The line containing "Description:High-grade Los Angeles" marks the end; write out exactly every line from the start of the data up to and including it, without the pictures.
Information shown Block Start
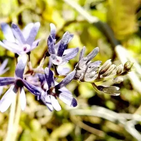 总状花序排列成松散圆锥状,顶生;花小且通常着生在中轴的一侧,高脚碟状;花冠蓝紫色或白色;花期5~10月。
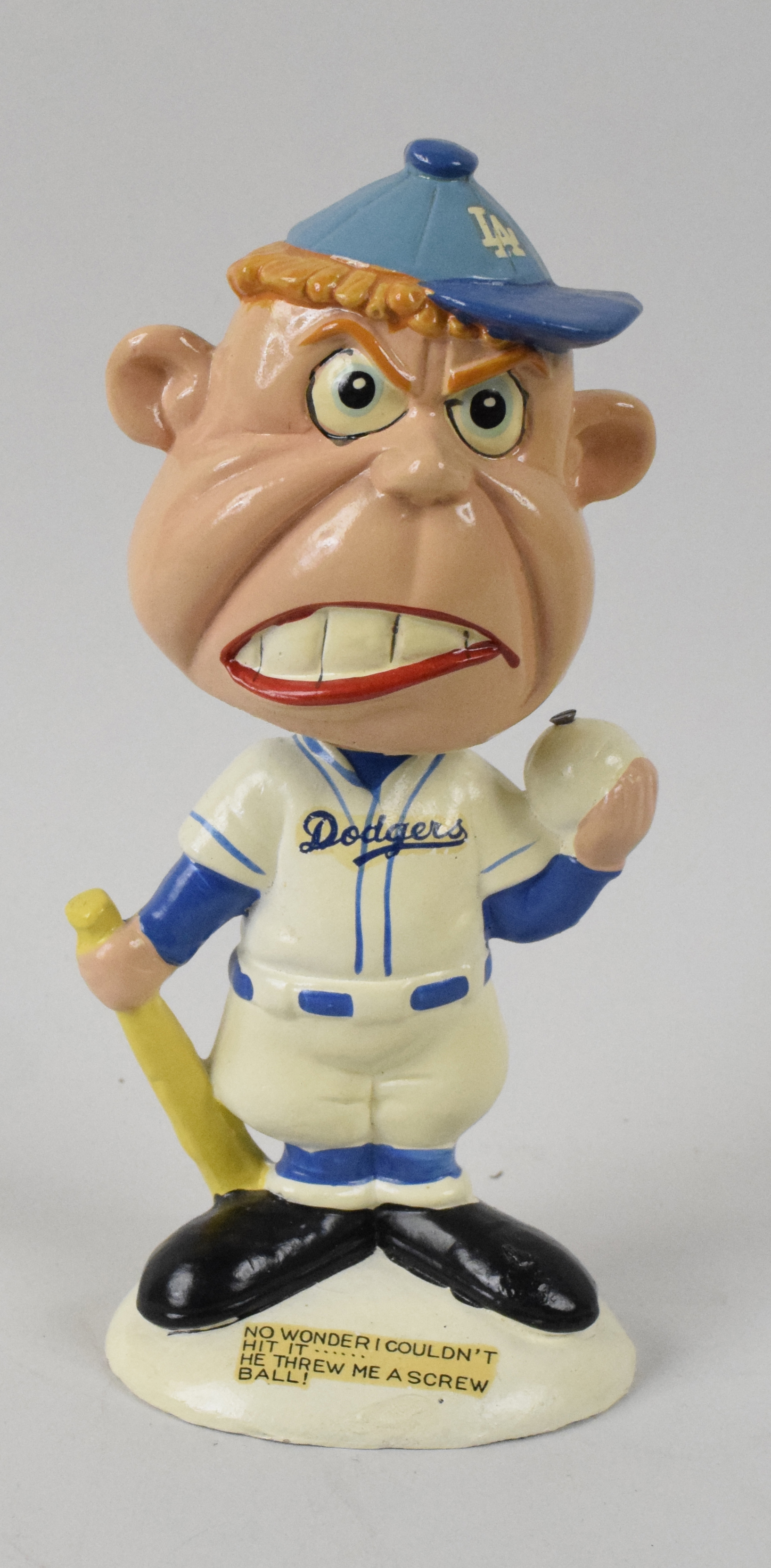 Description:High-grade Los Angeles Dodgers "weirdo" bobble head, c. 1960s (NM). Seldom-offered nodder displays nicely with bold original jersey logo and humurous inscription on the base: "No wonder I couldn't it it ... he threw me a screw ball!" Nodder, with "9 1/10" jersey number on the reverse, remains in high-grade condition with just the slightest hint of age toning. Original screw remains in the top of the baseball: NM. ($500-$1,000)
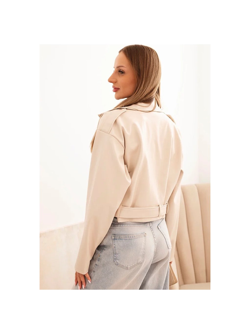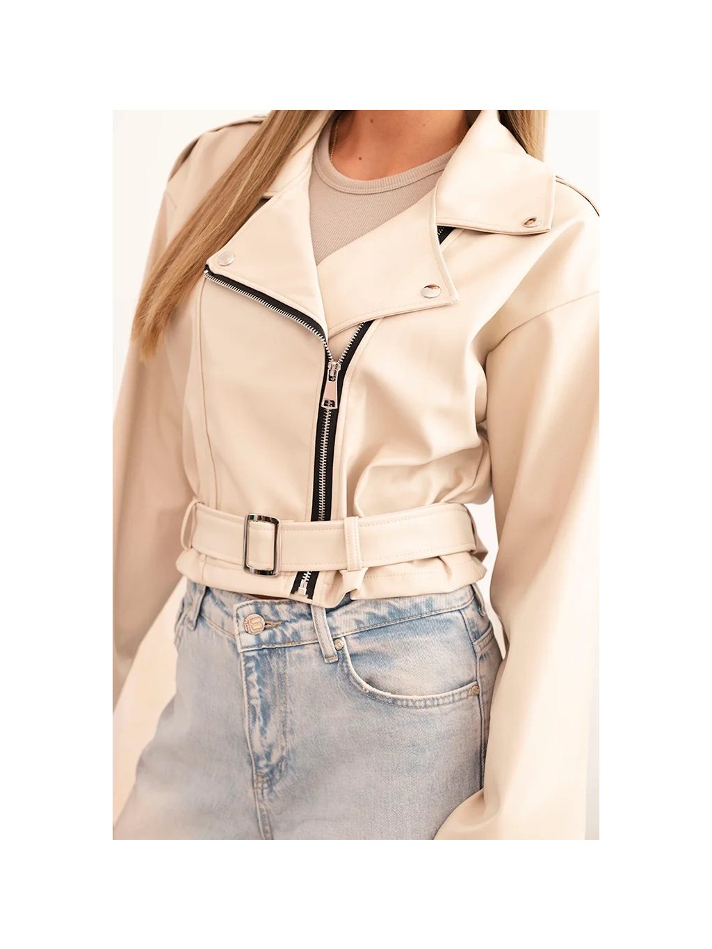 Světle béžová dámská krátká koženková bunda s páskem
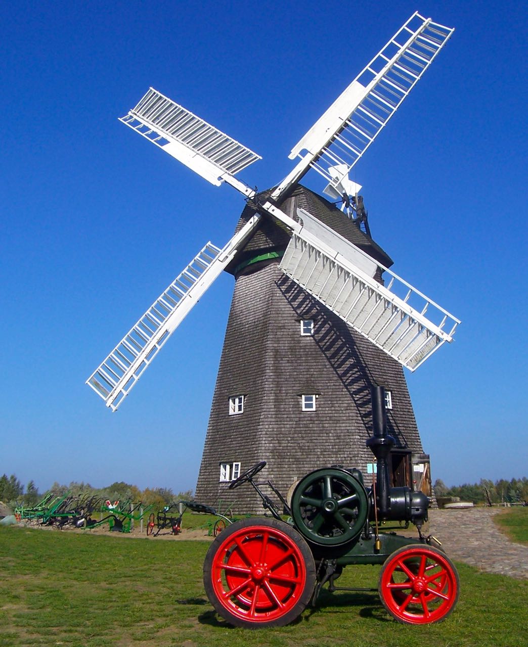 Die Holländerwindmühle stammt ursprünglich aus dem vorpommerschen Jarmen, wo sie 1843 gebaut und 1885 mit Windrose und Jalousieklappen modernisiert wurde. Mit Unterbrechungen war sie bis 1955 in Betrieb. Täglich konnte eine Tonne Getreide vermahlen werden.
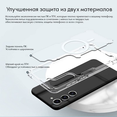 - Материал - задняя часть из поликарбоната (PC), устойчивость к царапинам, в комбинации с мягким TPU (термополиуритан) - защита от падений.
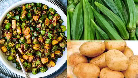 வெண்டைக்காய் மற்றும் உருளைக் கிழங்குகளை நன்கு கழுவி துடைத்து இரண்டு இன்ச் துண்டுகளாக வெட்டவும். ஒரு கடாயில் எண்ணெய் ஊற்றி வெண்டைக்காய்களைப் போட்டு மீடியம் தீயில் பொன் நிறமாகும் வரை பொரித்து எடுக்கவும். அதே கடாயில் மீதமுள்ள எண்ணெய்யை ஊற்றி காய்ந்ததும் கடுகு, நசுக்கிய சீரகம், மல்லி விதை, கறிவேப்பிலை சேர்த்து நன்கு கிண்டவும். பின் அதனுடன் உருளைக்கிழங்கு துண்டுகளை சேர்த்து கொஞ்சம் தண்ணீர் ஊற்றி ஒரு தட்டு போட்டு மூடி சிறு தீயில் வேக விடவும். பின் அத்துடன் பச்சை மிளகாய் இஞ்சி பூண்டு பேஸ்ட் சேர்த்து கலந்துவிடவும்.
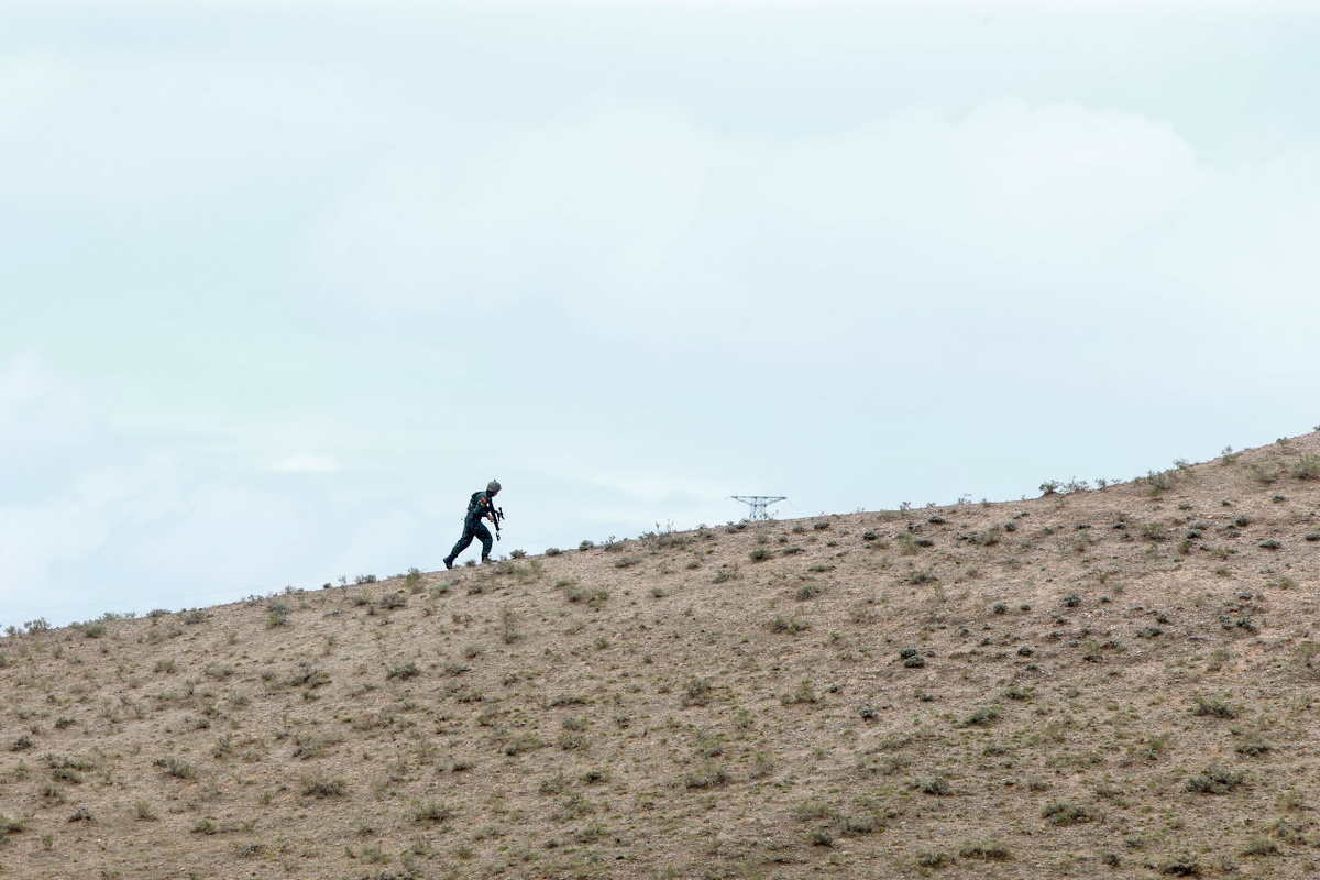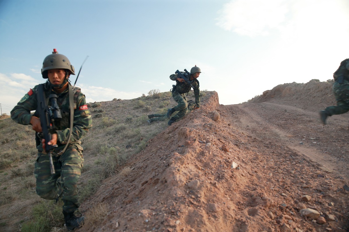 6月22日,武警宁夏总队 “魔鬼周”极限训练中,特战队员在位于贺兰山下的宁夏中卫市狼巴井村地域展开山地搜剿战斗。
Information shown Block End
Answer section:
 总状花序排列成松散圆锥状,顶生;花小且通常着生在中轴的一侧,高脚碟状;花冠蓝紫色或白色;花期5~10月。
 Description:High-grade Los Angeles Dodgers "weirdo" bobble head, c. 1960s (NM). Seldom-offered nodder displays nicely with bold original jersey logo and humurous inscription on the base: "No wonder I couldn't it it ... he threw me a screw ball!" Nodder, with "9 1/10" jersey number on the reverse, remains in high-grade condition with just the slightest hint of age toning. Original screw remains in the top of the baseball: NM. ($500-$1,000)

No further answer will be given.